What is required: Once you find the line with "위 블로그를 참조하여" in the entries below, print it and each line after it up to and including the line with "This matrix displays", exactly, without pictures.

-- The data follows --

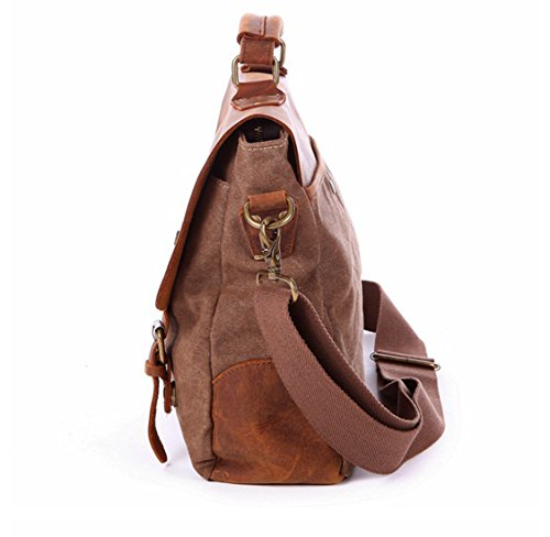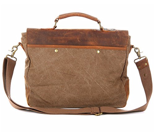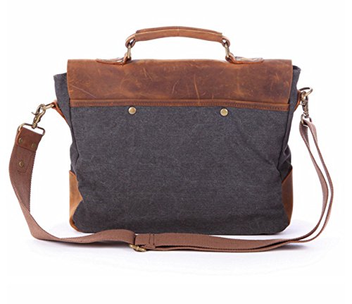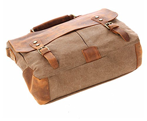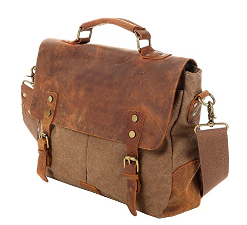 -. Title : 14Inch Laptop Tablet Messenger Bag,Berchirly Unisex Fashion Canvas Travel Briefcase Shoulder Bag with Genuine Leather Trim for Men Women
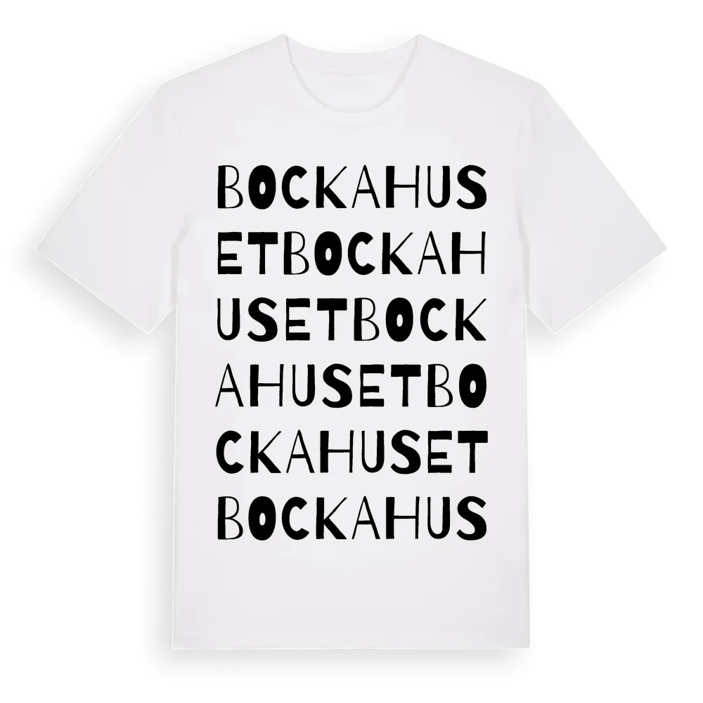 Bockahuset ordlek t-shirt är inspirerad av Bockahuset i Hallands län, Sverige. Tröjan är designad för dig som har en speciell koppling till platsen – oavsett om du bor här, har rötterna här eller bara älskar Bockahuset.
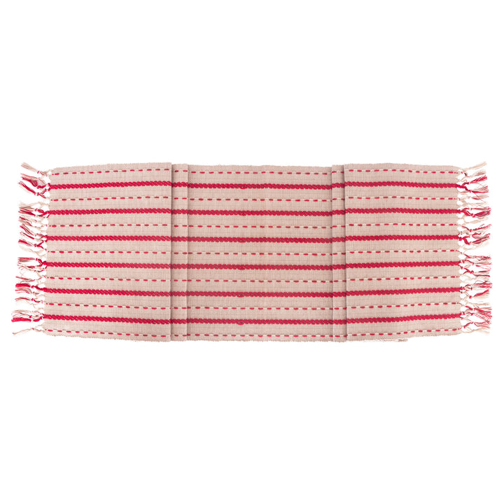 Bring a crisp pop of pattern to the table with this red-and-cream cotton table runner, where clean stripes meet charming saddle-stitch detailing. Finished with fringed ends and a comfortable weight, it layers effortlessly for everyday dining and casual entertaining. Approximate dimensions are 72 x 13 x inches.
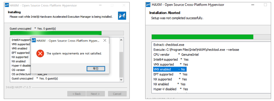 위 블로그를 참조하여 HAXM 다운로드 링크에서 HAXM을 다운받아 실행한 결과,
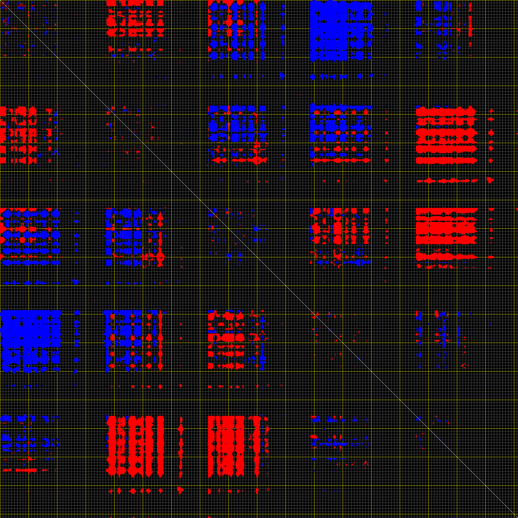 This matrix displays the maximum distance fluctuations between all pairs of CA atoms and between the two extreme conformations that were computed for this mode (DQMIN/DQMAX). Distance increases are plotted in blue and decreases in red for the strongest 10% of the residue pair distance changes. Every pixel corresponds to a single residue. Grey lines are drawn every 10 residues, yellow lines every 100 residues (counting from the upper left corner).
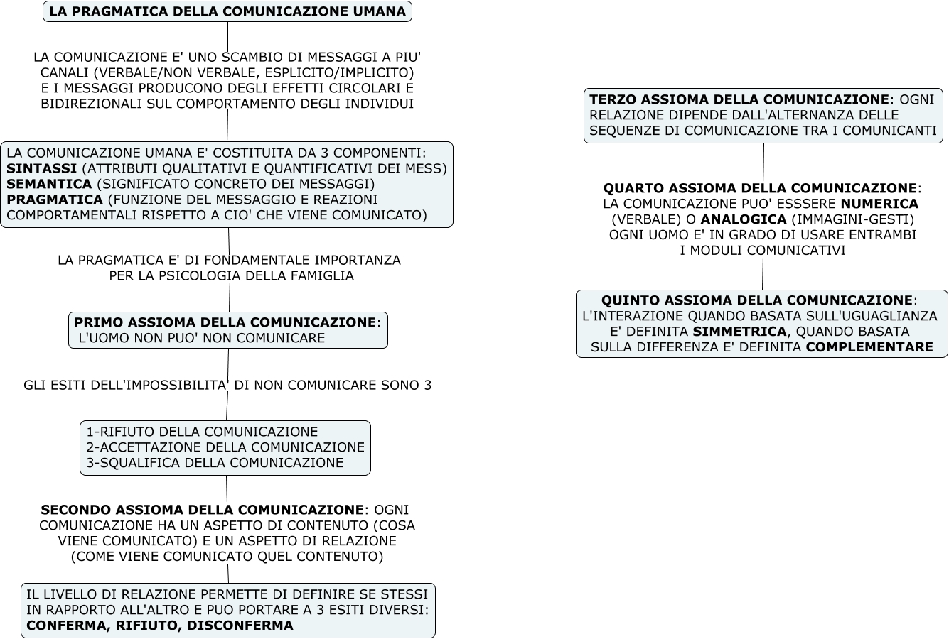 Questa Cmap, creata con IHMC CmapTools, contiene informazioni relative a: B-LA PRAGMATICA DELLA COMUNICAZIONE UMANA, PRIMO ASSIOMA DELLA COMUNICAZIONE: L'UOMO NON PUO' NON COMUNICARE GLI ESITI DELL'IMPOSSIBILITA' DI NON COMUNICARE SONO 3 1-RIFIUTO DELLA COMUNICAZIONE 2-ACCETTAZIONE DELLA COMUNICAZIONE 3-SQUALIFICA DELLA COMUNICAZIONE, LA COMUNICAZIONE UMANA E' COSTITUITA DA 3 COMPONENTI: SINTASSI (ATTRIBUTI QUALITATIVI E QUANTIFICATIVI DEI MESS) SEMANTICA (SIGNIFICATO CONCRETO DEI MESSAGGI) PRAGMATICA (FUNZIONE DEL MESSAGGIO E REAZIONI COMPORTAMENTALI RISPETTO A CIO' CHE VIENE COMUNICATO) LA PRAGMATICA E' DI FONDAMENTALE IMPORTANZA PER LA PSICOLOGIA DELLA FAMIGLIA PRIMO ASSIOMA DELLA COMUNICAZIONE: L'UOMO NON PUO' NON COMUNICARE, TERZO ASSIOMA DELLA COMUNICAZIONE: OGNI RELAZIONE DIPENDE DALL'ALTERNANZA DELLE SEQUENZE DI COMUNICAZIONE TRA I COMUNICANTI QUARTO ASSIOMA DELLA COMUNICAZIONE: LA COMUNICAZIONE PUO' ESSSERE NUMERICA (VERBALE) O ANALOGICA (IMMAGINI-GESTI) OGNI UOMO E' IN GRADO DI USARE ENTRAMBI I MODULI COMUNICATIVI QUINTO ASSIOMA DELLA COMUNICAZIONE: L'INTERAZIONE QUANDO BASATA SULL'UGUAGLIANZA E' DEFINITA SIMMETRICA, QUANDO BASATA SULLA DIFFERENZA E' DEFINITA COMPLEMENTARE, 1-RIFIUTO DELLA COMUNICAZIONE 2-ACCETTAZIONE DELLA COMUNICAZIONE 3-SQUALIFICA DELLA COMUNICAZIONE SECONDO ASSIOMA DELLA COMUNICAZIONE: OGNI COMUNICAZIONE HA UN ASPETTO DI CONTENUTO (COSA VIENE COMUNICATO) E UN ASPETTO DI RELAZIONE (COME VIENE COMUNICATO QUEL CONTENUTO) IL LIVELLO DI RELAZIONE PERMETTE DI DEFINIRE SE STESSI IN RAPPORTO ALL'ALTRO E PUO PORTARE A 3 ESITI DIVERSI: CONFERMA, RIFIUTO, DISCONFERMA, LA PRAGMATICA DELLA COMUNICAZIONE UMANA LA COMUNICAZIONE E' UNO SCAMBIO DI MESSAGGI A PIU' CANALI (VERBALE/NON VERBALE, ESPLICITO/IMPLICITO) E I MESSAGGI PRODUCONO DEGLI EFFETTI CIRCOLARI E BIDIREZIONALI SUL COMPORTAMENTO DEGLI INDIVIDUI LA COMUNICAZIONE UMANA E' COSTITUITA DA 3 COMPONENTI: SINTASSI (ATTRIBUTI QUALITATIVI E QUANTIFICATIVI DEI MESS) SEMANTICA (SIGNIFICATO CONCRETO DEI MESSAGGI) PRAGMATICA (FUNZIONE DEL MESSAGGIO E REAZIONI COMPORTAMENTALI RISPETTO A CIO' CHE VIENE COMUNICATO)

-- The data concluded --

Answer to the exercise:
 위 블로그를 참조하여 HAXM 다운로드 링크에서 HAXM을 다운받아 실행한 결과,
 This matrix displays the maximum distance fluctuations between all pairs of CA atoms and between the two extreme conformations that were computed for this mode (DQMIN/DQMAX). Distance increases are plotted in blue and decreases in red for the strongest 10% of the residue pair distance changes. Every pixel corresponds to a single residue. Grey lines are drawn every 10 residues, yellow lines every 100 residues (counting from the upper left corner).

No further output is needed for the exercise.